Major power transformers are filled with a fluid that serves several purposes. The fluid acts as a dielectric media, an insulator, and as a heat transfer agent. The most common type of fluid used in transformers is of a mineral oil origin. Other types that are not as common include the askerals and silicone types. This brief discussion will be limited to those units that utilize the mineral oil type fluids.
During normal use there is usually a slow degradation of the mineral oil to yield certain gases that collect in the oil. However, when there is an electrical fault within the transformer, gases are generated at a much more rapid rate. There are three major types of electrical faults that differ in their severity. The least severe is a partial discharge or corona, localized hot spots are next in severity, and the most severe is arcing. There are typically nine fault gases that are analyzed and each of the above faults generates certain key gases and a distribution pattern of these gases. Thus by determining the various gases present and their amounts, one can infer the nature of the fault giving rise to them.
There are a couple of different types of transformers; those that have a gas blanket above the oil and those that are completely oil filled. For those units that have a gas blanket one could analyze a sample of gas from the gas blanket. However there are some disadvantages to this method. Firstly the electrical faults usually occur beneath the surface of the oil and the gases that are produced must saturate the oil, diffuse to the surface, and then collect in the gas blanket. These processes introduce a time factor into the early detection of a fault that is undesirable. Secondly gas blanket analysis is not applicable to those units that are completely oil filled. On the other hand dissolved gas analysis is applicable to all types of transformers and gives the earliest possible detection of the fault gases. This procedure only requires proper collection of a sample of the transformer oil, extracting the gases from the oil via a high vacuum apparatus, and then analyzing the extracted gases for their identities and amounts.
Dissolved gas analysis is probably the most widely used preventative maintenance technique in use today to monitor the operation of transformers. Properly used it can be a powerful tool in a well disciplined maintenance program. Depending on the location of a transformer and the nature of its usage, an appropriate dissolved gas analysis schedule can be set up. The more critical the unit is the more frequently it should be sampled. When an adverse situation is detected the sampling frequency should also be increased. This latter philosophy allows one to determine how rapidly the gases are being generated and thus how serious the problem might be so that proper action can be taken before the unit suffers additional damage. It is also quite important to maintain a history of each unit so that one can determine if any gases are residual ones from a previous fault or are they due to a newly developing situation.

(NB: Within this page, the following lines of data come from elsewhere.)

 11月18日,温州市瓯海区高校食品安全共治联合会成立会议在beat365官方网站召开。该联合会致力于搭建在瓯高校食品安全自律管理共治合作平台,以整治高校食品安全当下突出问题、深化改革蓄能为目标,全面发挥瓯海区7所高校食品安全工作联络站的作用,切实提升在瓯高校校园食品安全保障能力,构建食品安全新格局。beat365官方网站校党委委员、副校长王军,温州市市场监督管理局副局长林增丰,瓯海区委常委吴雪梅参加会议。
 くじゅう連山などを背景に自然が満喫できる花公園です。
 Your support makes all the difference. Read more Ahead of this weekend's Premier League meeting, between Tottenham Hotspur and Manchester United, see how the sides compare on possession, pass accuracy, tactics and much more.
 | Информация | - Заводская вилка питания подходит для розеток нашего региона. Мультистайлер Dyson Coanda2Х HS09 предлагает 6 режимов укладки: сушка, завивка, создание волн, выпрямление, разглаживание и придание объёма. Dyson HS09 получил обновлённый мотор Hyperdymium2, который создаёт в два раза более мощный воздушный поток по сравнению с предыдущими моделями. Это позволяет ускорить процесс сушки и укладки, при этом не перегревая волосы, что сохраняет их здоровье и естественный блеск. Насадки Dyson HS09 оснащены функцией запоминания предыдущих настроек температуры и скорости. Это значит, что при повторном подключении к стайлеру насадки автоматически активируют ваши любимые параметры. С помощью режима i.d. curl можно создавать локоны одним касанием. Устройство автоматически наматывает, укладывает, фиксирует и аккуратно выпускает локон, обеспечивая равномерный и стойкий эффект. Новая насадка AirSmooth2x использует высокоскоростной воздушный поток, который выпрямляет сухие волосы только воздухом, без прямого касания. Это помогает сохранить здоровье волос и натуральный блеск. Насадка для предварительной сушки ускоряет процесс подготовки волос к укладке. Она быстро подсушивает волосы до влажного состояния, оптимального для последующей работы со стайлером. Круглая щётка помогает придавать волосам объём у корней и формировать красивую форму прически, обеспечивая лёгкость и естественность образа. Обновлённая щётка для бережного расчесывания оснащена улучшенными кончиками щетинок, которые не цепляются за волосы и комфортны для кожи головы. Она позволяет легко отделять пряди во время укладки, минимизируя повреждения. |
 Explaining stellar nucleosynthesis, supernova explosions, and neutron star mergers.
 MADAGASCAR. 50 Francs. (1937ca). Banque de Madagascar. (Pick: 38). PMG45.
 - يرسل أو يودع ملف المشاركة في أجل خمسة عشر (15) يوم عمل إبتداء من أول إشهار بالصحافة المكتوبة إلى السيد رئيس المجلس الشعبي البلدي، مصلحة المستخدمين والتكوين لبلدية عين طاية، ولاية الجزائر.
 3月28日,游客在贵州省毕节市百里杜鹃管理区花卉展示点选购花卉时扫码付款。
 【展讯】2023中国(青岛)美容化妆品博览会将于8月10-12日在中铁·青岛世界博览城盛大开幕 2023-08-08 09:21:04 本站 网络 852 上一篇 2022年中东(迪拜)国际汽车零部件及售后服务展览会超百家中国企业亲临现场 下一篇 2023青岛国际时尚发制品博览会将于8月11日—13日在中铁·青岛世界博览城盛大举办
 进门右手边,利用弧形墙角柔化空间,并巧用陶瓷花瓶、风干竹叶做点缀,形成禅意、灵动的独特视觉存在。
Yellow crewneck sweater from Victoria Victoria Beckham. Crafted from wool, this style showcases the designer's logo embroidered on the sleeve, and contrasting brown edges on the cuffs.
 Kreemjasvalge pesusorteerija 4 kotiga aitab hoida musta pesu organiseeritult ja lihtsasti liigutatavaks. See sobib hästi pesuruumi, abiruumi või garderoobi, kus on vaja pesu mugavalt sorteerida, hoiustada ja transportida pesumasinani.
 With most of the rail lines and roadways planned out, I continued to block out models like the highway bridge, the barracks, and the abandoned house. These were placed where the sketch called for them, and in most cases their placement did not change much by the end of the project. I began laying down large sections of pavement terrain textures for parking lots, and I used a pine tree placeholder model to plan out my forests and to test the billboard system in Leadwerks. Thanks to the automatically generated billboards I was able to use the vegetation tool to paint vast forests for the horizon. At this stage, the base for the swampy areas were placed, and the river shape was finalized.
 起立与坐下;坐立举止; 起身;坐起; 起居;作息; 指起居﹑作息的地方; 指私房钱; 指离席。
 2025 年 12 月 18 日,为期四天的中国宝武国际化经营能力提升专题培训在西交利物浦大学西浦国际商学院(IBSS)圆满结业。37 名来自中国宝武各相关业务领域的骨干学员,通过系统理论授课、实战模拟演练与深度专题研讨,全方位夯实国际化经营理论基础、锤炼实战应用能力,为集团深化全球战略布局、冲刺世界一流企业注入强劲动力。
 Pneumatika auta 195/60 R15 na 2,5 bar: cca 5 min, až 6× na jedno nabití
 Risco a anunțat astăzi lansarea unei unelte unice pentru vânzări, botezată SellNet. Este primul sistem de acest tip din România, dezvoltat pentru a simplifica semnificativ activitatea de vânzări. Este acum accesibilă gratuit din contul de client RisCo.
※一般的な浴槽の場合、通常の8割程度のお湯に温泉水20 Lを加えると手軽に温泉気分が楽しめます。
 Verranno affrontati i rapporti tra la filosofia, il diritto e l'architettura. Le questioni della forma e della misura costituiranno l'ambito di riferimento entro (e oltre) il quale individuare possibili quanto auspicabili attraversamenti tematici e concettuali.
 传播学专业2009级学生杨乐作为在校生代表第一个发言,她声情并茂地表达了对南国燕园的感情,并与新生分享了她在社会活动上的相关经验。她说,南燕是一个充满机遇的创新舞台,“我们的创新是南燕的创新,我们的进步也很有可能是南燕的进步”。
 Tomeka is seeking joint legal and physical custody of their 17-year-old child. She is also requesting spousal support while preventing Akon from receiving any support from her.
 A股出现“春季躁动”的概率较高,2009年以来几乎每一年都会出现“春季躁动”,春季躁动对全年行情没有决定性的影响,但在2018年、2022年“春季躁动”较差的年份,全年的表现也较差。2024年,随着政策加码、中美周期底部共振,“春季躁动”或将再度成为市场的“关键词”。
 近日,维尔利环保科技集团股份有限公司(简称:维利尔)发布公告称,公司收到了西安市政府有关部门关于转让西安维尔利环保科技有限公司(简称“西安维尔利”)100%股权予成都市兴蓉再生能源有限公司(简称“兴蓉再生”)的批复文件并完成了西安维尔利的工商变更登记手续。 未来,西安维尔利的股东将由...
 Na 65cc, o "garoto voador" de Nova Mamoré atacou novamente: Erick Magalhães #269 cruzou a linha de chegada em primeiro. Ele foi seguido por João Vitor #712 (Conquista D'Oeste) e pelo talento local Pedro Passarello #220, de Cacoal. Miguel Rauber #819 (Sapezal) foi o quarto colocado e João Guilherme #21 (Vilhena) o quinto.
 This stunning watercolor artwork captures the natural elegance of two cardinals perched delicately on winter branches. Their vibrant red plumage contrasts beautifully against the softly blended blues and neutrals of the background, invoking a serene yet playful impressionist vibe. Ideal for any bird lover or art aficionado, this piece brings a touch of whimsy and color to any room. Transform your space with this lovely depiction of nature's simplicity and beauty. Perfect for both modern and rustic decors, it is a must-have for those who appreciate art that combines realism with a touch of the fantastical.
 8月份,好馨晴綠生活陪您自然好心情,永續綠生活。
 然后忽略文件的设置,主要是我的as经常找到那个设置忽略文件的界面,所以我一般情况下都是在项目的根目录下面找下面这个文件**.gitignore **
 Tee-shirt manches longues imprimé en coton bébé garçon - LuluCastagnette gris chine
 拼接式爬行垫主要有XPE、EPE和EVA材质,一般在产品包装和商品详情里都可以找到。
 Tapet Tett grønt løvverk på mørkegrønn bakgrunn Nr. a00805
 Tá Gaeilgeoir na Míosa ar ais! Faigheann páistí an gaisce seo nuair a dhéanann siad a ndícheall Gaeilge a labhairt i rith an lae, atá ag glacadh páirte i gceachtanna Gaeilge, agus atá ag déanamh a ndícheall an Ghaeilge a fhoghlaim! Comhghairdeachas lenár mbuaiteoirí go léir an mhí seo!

If a fault is detected in a transformer there are other tests that might be recommended that can help to locate the site of the fault within the unit. The more information that can be obtained before repairing a unit, the less down time will be required. Working with laboratory personnel that are familiar with the various methods of interpreting dissolved gas analysis in conjunction with other tests and the history of the unit are essential to properly utilize this technique in a preventative maintenance program.